В XVIII веке на первом плане надо поставить французское влияние.

Слова «Франция» и «XVIII век» невольно вызывают представление о второй половине этого столетия, о славной «эпохе разума» и ее блестящей просветительной литературе. Смелые и страстные речи деятелей этой эпохи заглушили на время менее громкие голоса писателей начала века. Но если внимательно прислушаться к этим писателям, то окажется, что и они сказали нечто свое, нечто любопытное и оригинальное. Они дали не только Франции, но и всей Европе вполне законченные образцы нового литературного жанра, образцы реально-бытового, психологического и чувствительного романа.

Этими образцами являются три наиболее выдающихся произведения того времени: «Жиль-Блаз» Лесажа, «Manon Lescaut» аббата Прево и «Марианна» Мариво.

 

<Далее на стр. 8—25 Е.Мечникова разбирает эти три романа, касается их влияния на русские романы 18—19 вв. и детально разбирает первый русский роман Ф. Эмина «Непостоянная фортуна или Похождения Мирамонда» — Е.Ш.>

 

«Похождения Мирамонда» послужили образцом для всех последующих похождений и приключений, которыми писатели XVIII века увеселяли и поучали своих читателей. Героический элемент мало-по-малу улетучивался, Клеандры и Лизарки уступали место более прозаическим Дмитриям и Василиям, но и «Удивительные приключения Димитрия Могушкина» и «Несчастные приключения Василия Баранщикова» <автобиографич. соч. «Несчастные приключения Василия Баранщикова, мещанина Н.Новгорода, в трёх частях света: в Америке, Азии и Европе с 1780 по 1787 годы», изд. в 1787 г., переизд. неоднократно. — Е.Ш.> совершались под влиянием «Похождений Мирамонда», недоставало им только идейности, скажем даже, идеализма, который являлся характерной особенностью первого русского романа XVIII века.

Среди этих бесцветных и банальных приключений резко выделяется единственное художественное произведение XVIII столетия — неоконченный роман Чулкова «Пригожая повариха». [с. 26:]

Только семь лет отделяют этот роман от «Мирамонда» Эмина, но за это время Чулков успел основательно ознакомиться с французским бытовым и реальным романом.

Обрызганный «живой водой» реальной французской литературы, Чулков проявил себя истинным художником слова.
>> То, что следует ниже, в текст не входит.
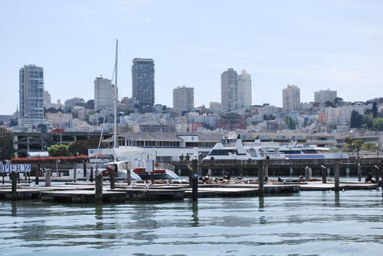 Wir bekommen auch noch ein paar schöne Ansichten von Alcatraz zu sehen und natürlich immer wieder den tollen Blick auf die skyline der Stadt.
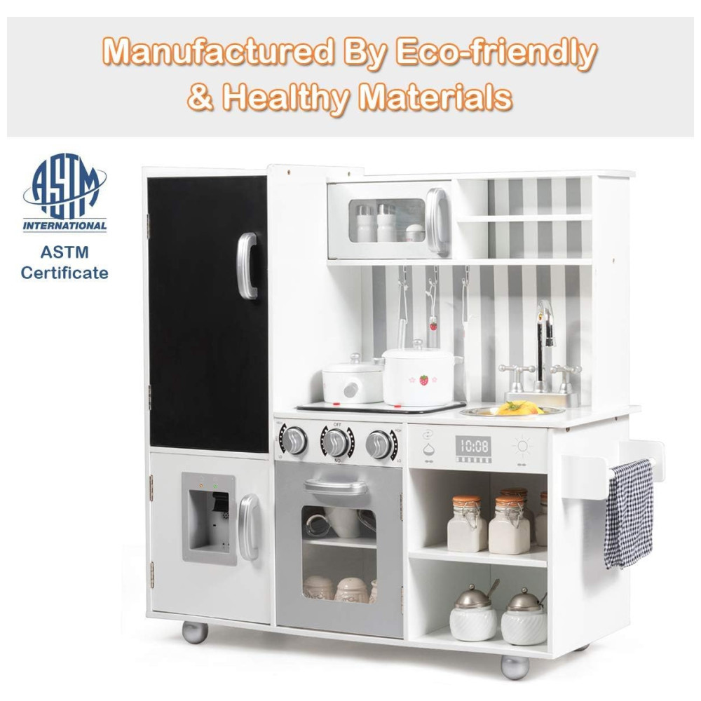 Fabricado com materiais premium para uma estrutura estável e durável, este brinquedo educativo para cozinha é avaliado como um produto de alta qualidade que passou no padrão ASTM. Todos os materiais são inodoros, para que as crianças possam aproveitar o tempo na cozinha imediatamente após a montagem.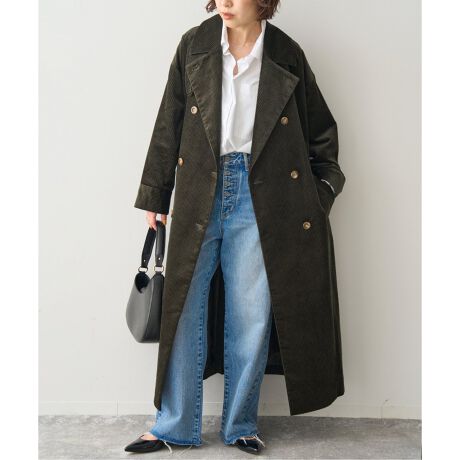 光沢感のある上品なコーデュロイを使用し、ゆるっと女性らしい柔らかいシルエットのトレンチ型のデザインは女性らしくもマニッシュで大人な印象に。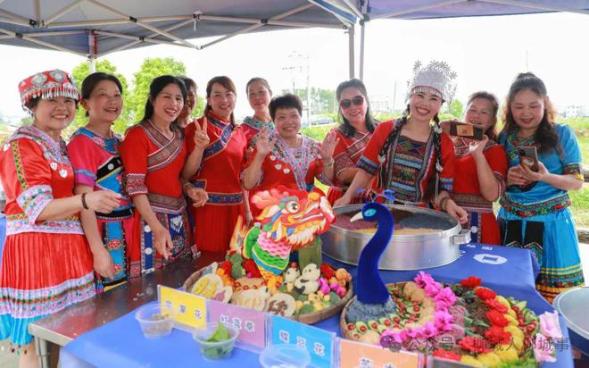 現(xiàn)場還設(shè)置了特色農(nóng)產(chǎn)品集市、壯家美食手作體驗、團(tuán)扇制作、對山歌、百家宴等豐富多彩的活動,讓眾多游客們上前游玩體驗。

Идя по следам Лесажа, Мариво и Прево, он с беспощадной смелостью, живо и образно, воспроизводит в своем романе самые неприглядные стороны русской действительности XVIII века. Он, по словам академика А. Н. Веселовского, «вскрывает изнанку общественных нравов и входит в тот ряд изучений развращающего влияния города на непосредственную натуру из народных слоев, в котором он встречается, как с ранним образцом, с «Марианной» Мариво, и в последующую, революционную пору, с примечательным «Развратившимся Крестьянином» Ретифа де-ла Бретона».
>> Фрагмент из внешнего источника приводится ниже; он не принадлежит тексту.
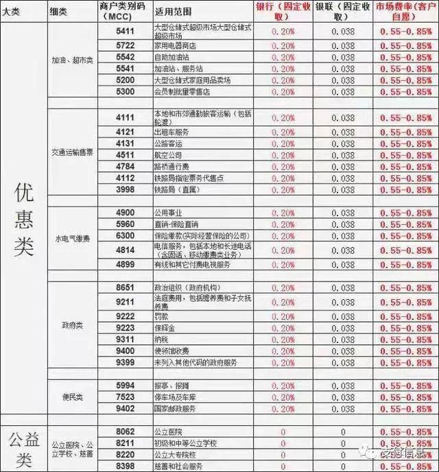 有的機(jī)器前五分鐘刷卡在北京,五分鐘之后刷卡在西安,這是不合理的。商戶類別碼顯示的是刷卡費(fèi)率,如果你刷的都是優(yōu)惠類及公益類,銀行是不賺錢的,對用卡人來講,是不利于用卡提額的。以下是部分費(fèi)率表,可以對應(yīng)查詢刷卡費(fèi)率是多少。
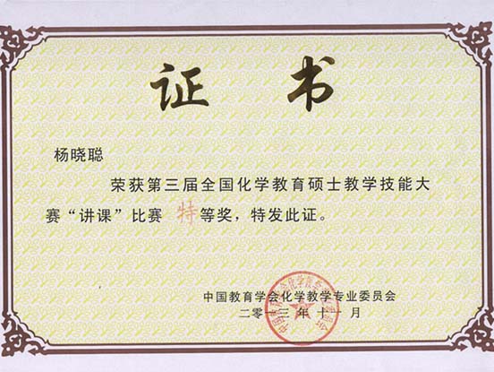 11月18日,在周青教授的带领下,杨晓聪、彭涛、赵舒昱等七位同学满怀信心地参加了在华中师范大学举办的“第三届全国化学教育硕士教学技能大赛”决赛,并取得了优异成绩。杨晓聪同学以骄人的成绩荣获特等奖,赵舒昱、彭涛、杨雪丽、胡婷婷、刘晶和董腊玲也取得了一等奖的好成绩。小说网

«Пригожая Повариха» появилась в печати в 1770 г. В этом произведении встречаем мы ряд живо и непринужденно набросанных жанровых картин из русского быта XVIII века. Читатель видит перед собой внутренний распорядок жизни в доме секретаря приказа, он переносится в тот ад, которым была тюрьма XVIII столетия, он попадает и в дом свиданий того времени, представляющий уродливую пародию на французские литературные салоны. Во всех этих картинах повторяется одна фигура — молодой и красивой женщины, по имени Мартоны.
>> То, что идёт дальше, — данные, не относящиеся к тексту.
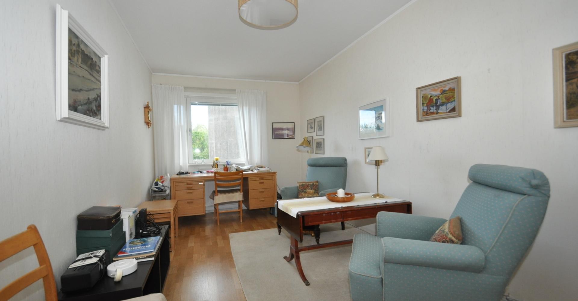 Vardagsrum: stort med ljusinsläpp från två håll, ljusa tapeter, parkettgolv, utgång till balkongen. Balkongen har markis samt infravärme.

Природа одарила Мартону поистине роковой красотой. Красота эта непреодолимо влечет к ней всех молодых и старых мужчин и в то же время делает Мартону игрушкой в их руках, потому что, по меткому выражению автора, «как бы женщина ни была остра и замысловата, однако, всегда подвержена обманам мужчины, а особливо в то время, когда она им страстна».

Целая галлерея самых разнообразных мужских типов очень правдиво и остроумно нарисована Чулковым. Как живая, встает перед нами фигура секретаря приказа, взяточника и ханжи, сквозь пальцы смотрящего на измены жены, потому что «прибыток наблюдал он больше, нежели свою честность, ибо он думал, что и без чести дом его может быть изобилен так, как полная чаша». Это был «человек набожный; он никогда не вставал и не ложился спать, не помолясь Богу, перед обедом и перед ужином читал обыкновенные молитвы вслух, и умывал завсегда руки, не пропускал ни одново воскресенья, и бывал всегда у обедни, а в дванадесятые праздники [с. 27:] ездил развозить поклоны или принимал оные сам от челобитчиков. Всякое утро стоял он часа по два на молитве, а жена ево в то время в передней горнице управлялась во взятках и принимала всячиною. Когда же садилися они пить чай, то малинькой их сын подавал ему реэстр поимянно всех людей, бывших у него в то утро, и кто что и сколько принес, таким образом, смотря по величине приноса, решал он и дела в приказе».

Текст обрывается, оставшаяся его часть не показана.